§ INPUT MATERIAL:
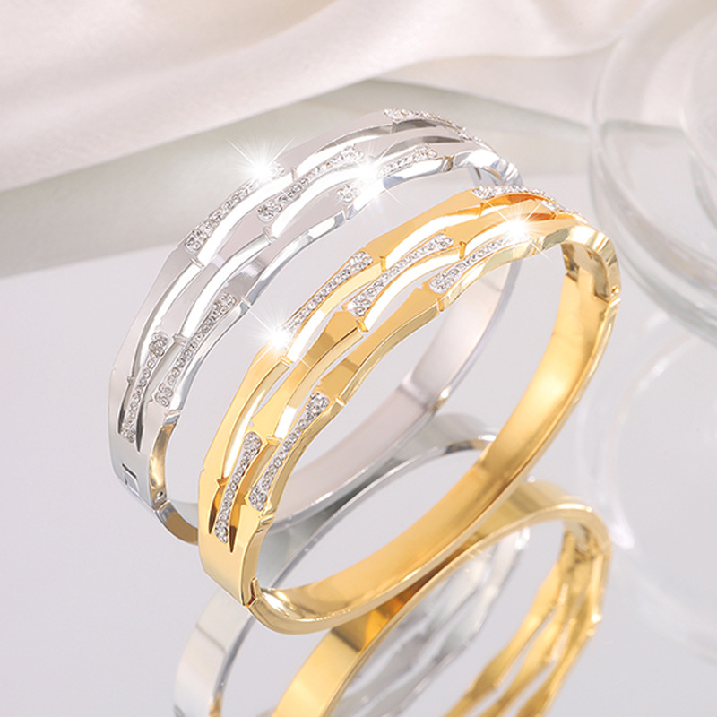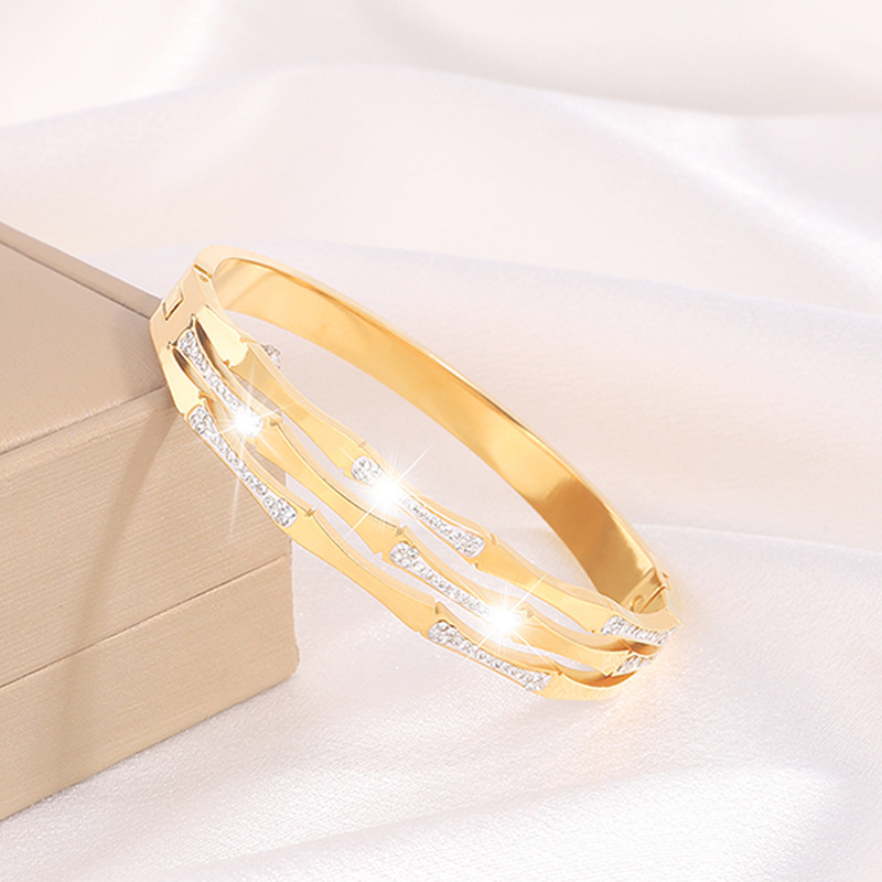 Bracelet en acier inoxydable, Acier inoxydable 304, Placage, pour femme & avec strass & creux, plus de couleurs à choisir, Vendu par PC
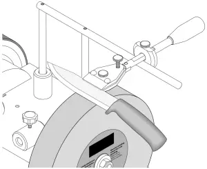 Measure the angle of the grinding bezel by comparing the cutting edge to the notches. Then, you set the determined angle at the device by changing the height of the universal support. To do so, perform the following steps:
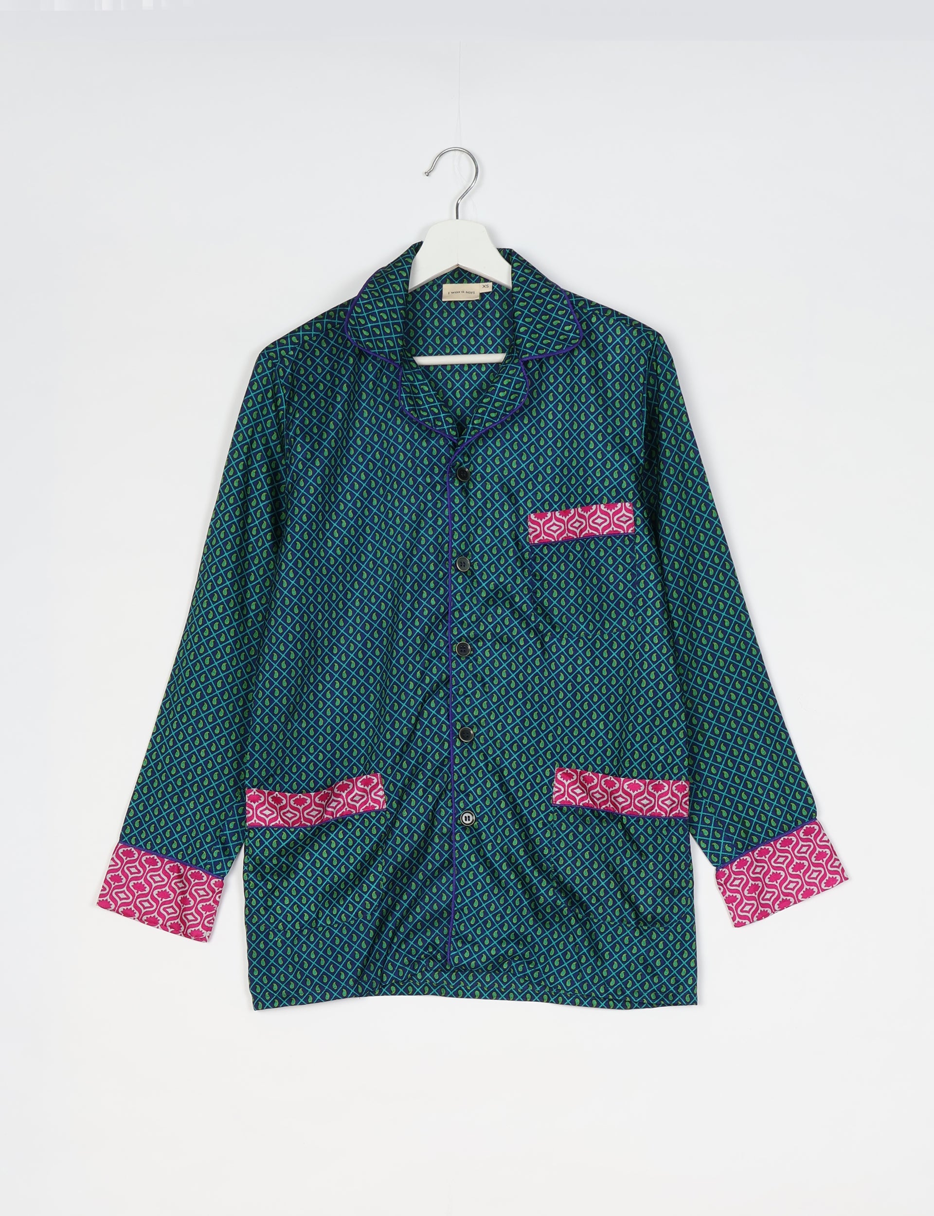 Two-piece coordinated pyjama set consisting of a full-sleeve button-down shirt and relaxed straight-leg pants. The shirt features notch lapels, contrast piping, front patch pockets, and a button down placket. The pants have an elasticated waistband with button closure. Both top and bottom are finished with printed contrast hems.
...
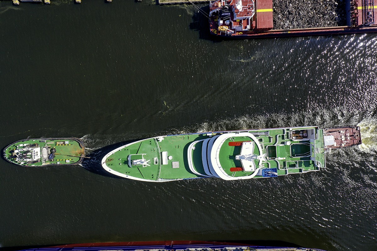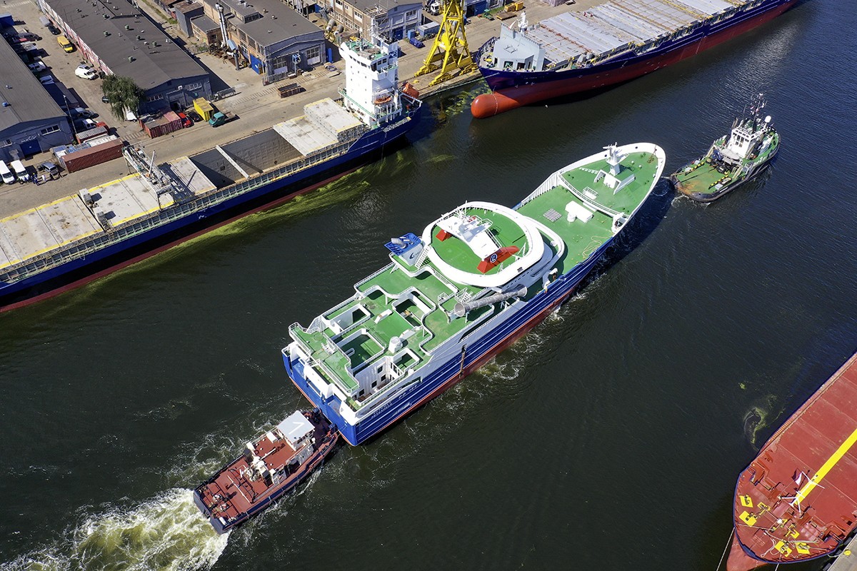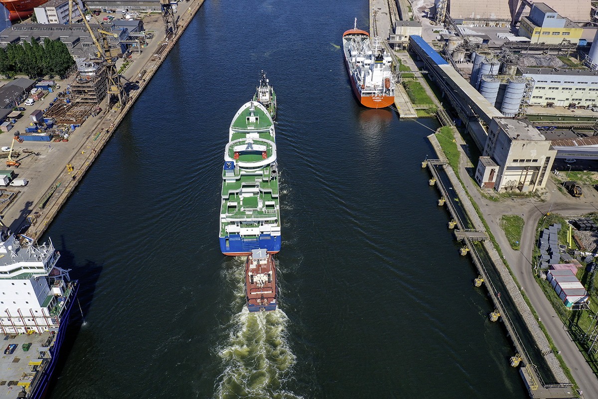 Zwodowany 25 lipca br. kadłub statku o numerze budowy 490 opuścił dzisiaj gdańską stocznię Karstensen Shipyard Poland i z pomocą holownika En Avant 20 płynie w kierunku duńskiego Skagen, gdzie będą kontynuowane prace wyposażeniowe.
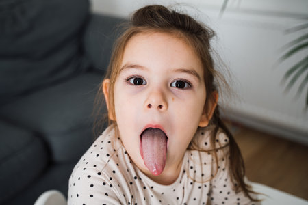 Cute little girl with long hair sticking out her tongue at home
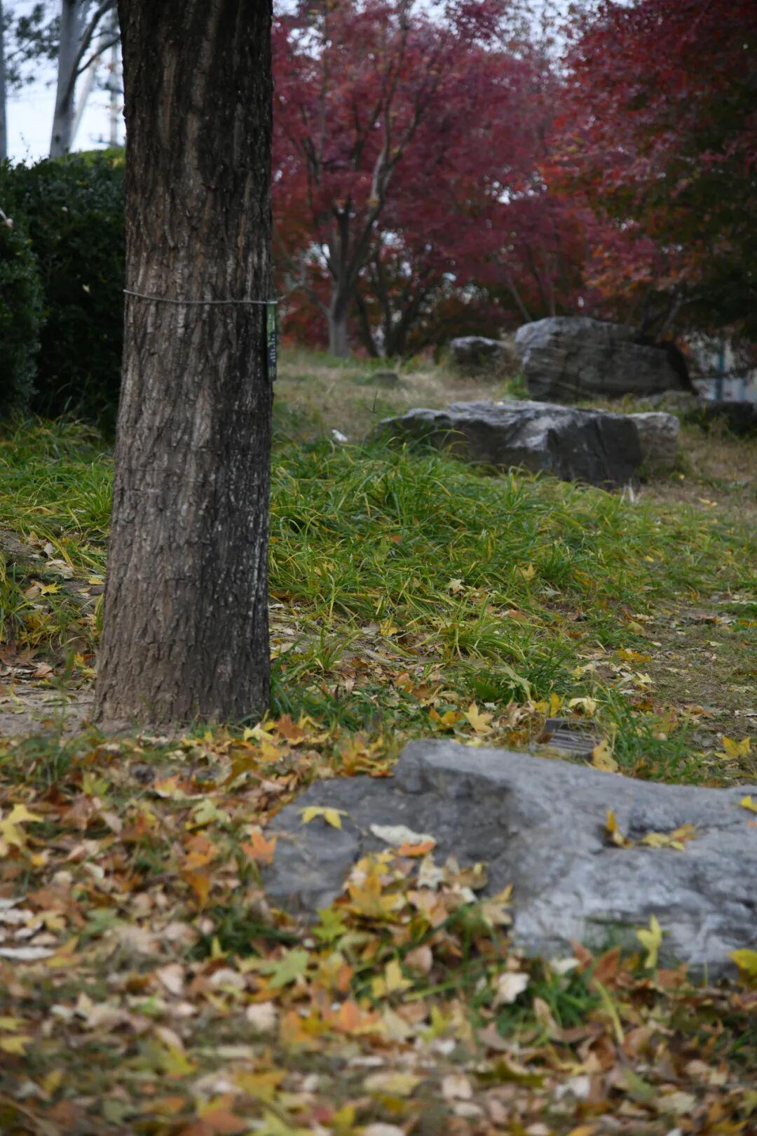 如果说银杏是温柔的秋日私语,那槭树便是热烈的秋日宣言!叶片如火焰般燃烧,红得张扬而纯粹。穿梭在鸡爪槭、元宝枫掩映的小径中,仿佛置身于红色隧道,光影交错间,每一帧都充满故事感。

§ PROBLEM REQUIREMENTS: Skipping every picture, transcribe exactly the lines above from the one containing "Measure the angle" through the one containing "Two-piece coordinated pyjama", both included.

§ ANSWER SPACE:
 Measure the angle of the grinding bezel by comparing the cutting edge to the notches. Then, you set the determined angle at the device by changing the height of the universal support. To do so, perform the following steps:
 Two-piece coordinated pyjama set consisting of a full-sleeve button-down shirt and relaxed straight-leg pants. The shirt features notch lapels, contrast piping, front patch pockets, and a button down placket. The pants have an elasticated waistband with button closure. Both top and bottom are finished with printed contrast hems.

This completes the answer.